Estimates of β_k from equation (1): ln(mortality_dt) = β_k vintage_measure_{d ,t−k} + α_d + δ_t + ɛ_dt, by race

YPLL75_dt = the number of years of potential life lost before age 75 due to disease d in year t (t = 1999, 2000, …, 2019).

vint_mean_d,t−k = the mean vintage (year of first appearance in PubMed) of descriptors of articles about disease d published in year t − k (k = 0, 2, …, 20).

Each estimate is from a separate regression.

Equation (1) was estimated by weighted least squares, weighting by (∑_t YPLL75_dt).

Disturbances were clustered within diseases.

Estimates in bold are statistically significant (p-value < 0.05).

Figure 4.

Estimates of β_k from equation (1): ln(mortality_dt) = β_k vintage_measure_{d ,t−k} + α_d + δ_t + ɛ_dt, by race.

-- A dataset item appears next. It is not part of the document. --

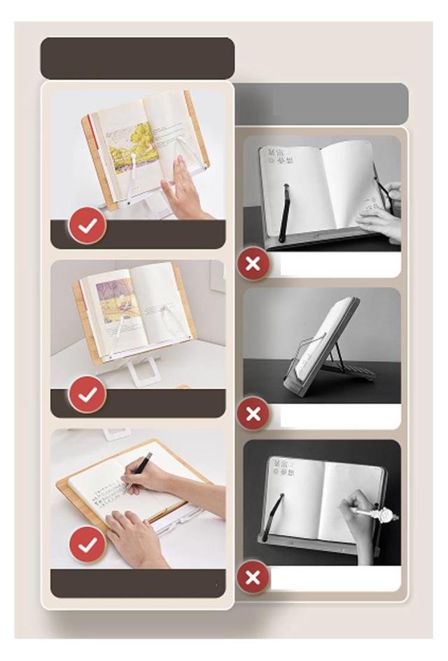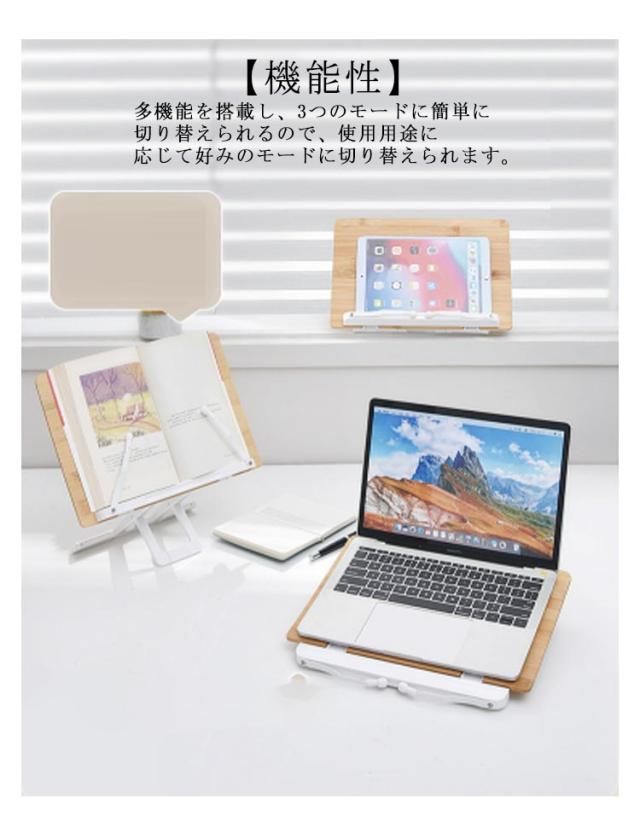 | 角度調節も自由自在!ブックスタンドで肩こりや眼精疲労を軽減。スマホやタブレットでも使えるブックスタンド 【機能性】多機能を搭載し、3つのモードに簡単に切り替えられるので、使用用途に応じて好みのモードに切り替えられます。 関節は180度の調整が可能で、様々な姿勢、使用用途でお使いいただけます。体格に合わせて最適な角度に調整することで、肩こりや眼精疲労を軽減し、長時間の読書/学習/デスクワークによる疲労を抑えます。 ストッパーの先端には新発想ベアリング式を採用し、ころころと回転するのでストッパーを外すことなくページめくりを可能にしております。 【安定性】幅広の台座とプラスチック脚部がしっかりとした安定性を生み出し、快適にご使用頂けます。 脚部にはゴム製リングを計6か所に装着し、しっかりとホールドします。 【様々な使用用途】読書台/タブレット台/譜面台/レシピ台/スケッチブック立て、ペンタブ台、パソコンスタンド、作業台など、幅広い使用用途で活用頂けます。 【素材】良質な木を選定し丁寧な研削加工で滑らかな仕上がりに仕上げております。また、強度をアップするため浸炭加工にて強力な耐久性を実現しております。自然の香りがほのかに香る天然木を使用し、インテリア性にもこだわった1台です。 | |

In rows 12–22 of the table, the vintage measure is post1990%. All 11 estimates of β_k from the white mortality equation are negative and statistically significant. None of the 11 estimates of β_k from the black mortality equation are statistically significant. These estimates indicate that biomedical innovation reduced the mortality of white people sooner than it reduced the mortality of black people, and that the mortality of black people was not reduced by the most recent innovations.

7. Summary

We investigated econometrically the overall impact that biomedical innovation had on premature mortality in the US during the period 1999–2019. We used a difference-in-differences research design: we investigated whether the diseases for which there was more biomedical innovation had larger reductions in premature mortality. Biomedical innovation related to a disease was measured by the change in the mean vintage of descriptors of PubMed articles about the disease. We analyzed data on 286 million descriptors of 27 million articles about over 800 diseases.

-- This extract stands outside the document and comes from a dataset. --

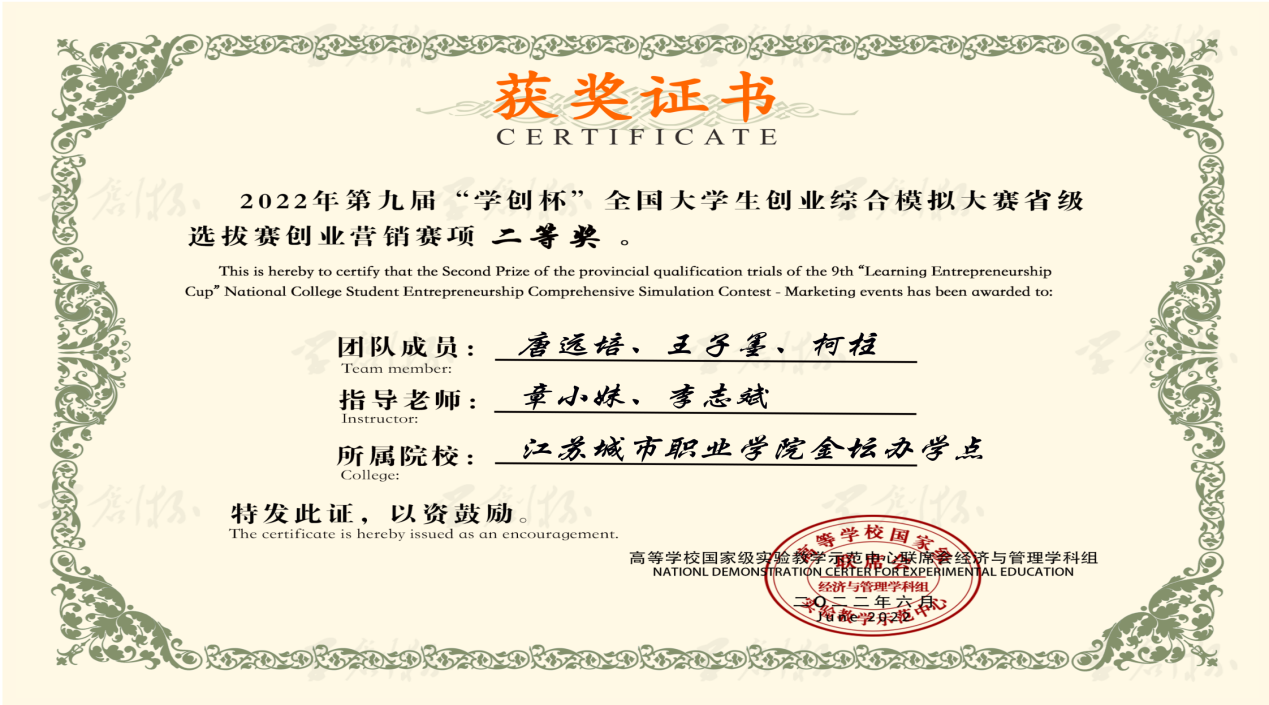 ()(3)在2022年6月第九届“学创杯”全国大学生创业综合模拟大赛江苏省专项赛道选拔赛中,章小妹指导唐远培团队荣获江苏省“二等奖”!章小妹老师获“优秀指导老师”。

Our estimates indicated that premature mortality from a disease is significantly inversely related to the lagged vintage of descriptors of articles about the disease. For example, the number of years of potential life lost before age 75 due to a disease is significantly inversely related to the mean vintage of descriptors 2–16 years earlier; it is most strongly inversely related to the vintage of descriptors 12 years earlier. This lag is not surprising: we showed that the number of prescriptions for a drug is significantly positively related to the number of PubMed descriptors of the drug 6–14 years earlier. It is most strongly related to the number of PubMed descriptors of the drug 10 years earlier.

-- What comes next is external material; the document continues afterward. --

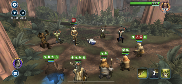 Always use wicket's stealth on elder. Don't use elder's specials unless someone is dead or elder is in the red. Keep as much fire as you can on paploo. Don't use elder's heal unless multiple ewoks are dead or the guaranteed revive is on cooldown. When paploo's abilities are on cooldown, use his basic to clear buffs. DAZE CHEWIE. Take them out in this order: Chewie, han, soldier, R2, leia, 3PO.
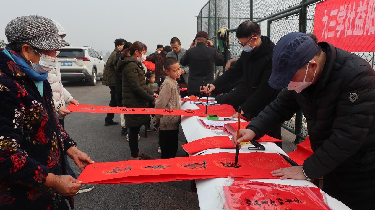“我家大门比较高,请为我写一副九字联。”“麻烦您再为我们写一副七字联。”闻讯而来的村民们一边欣赏着笔走龙蛇的书法创作,一边挑选自己喜爱的对联请书法家、书法爱好者们书写。还有家长带着自家孩子来上“书法课”:“你看看老师是怎么写‘福’字的。”

To explore whether biomedical innovation had different effects on the mortality of whites and blacks, we also estimated models using race-specific mortality data. Our estimates indicated that biomedical innovation reduced the mortality of white people sooner than it reduced the mortality of black people, and that the mortality of black people was not reduced by the most recent innovations.

From 1999 to 2019, the age-adjusted mortality rate (excluding deaths from unintentional injury, suicide, and homicide) from all diseases declined by approximately 20% – about 1% per year. Our estimates implied that, in the absence of biomedical innovation, age-adjusted mortality rates would not have declined. Also, from 1975 to 2019, the age-adjusted cancer mortality rate declined by approximately 27%. Our estimates also implied that, in the absence of biomedical innovation, the age-adjusted cancer mortality rate would not have declined. Some factors other than biomedical innovation (e.g., a decline in the smoking rate and an increase in educational attainment) probably contributed to the decline in mortality. But other factors (e.g., a rise in obesity and the prevalence of chronic conditions) undoubtedly contributed to an increase in mortality.

Our estimates do not capture cross-disease spillover effects: the potential effects of biomedical innovation for one disease on mortality from other diseases. Although some spillover effects are adverse, others are positive.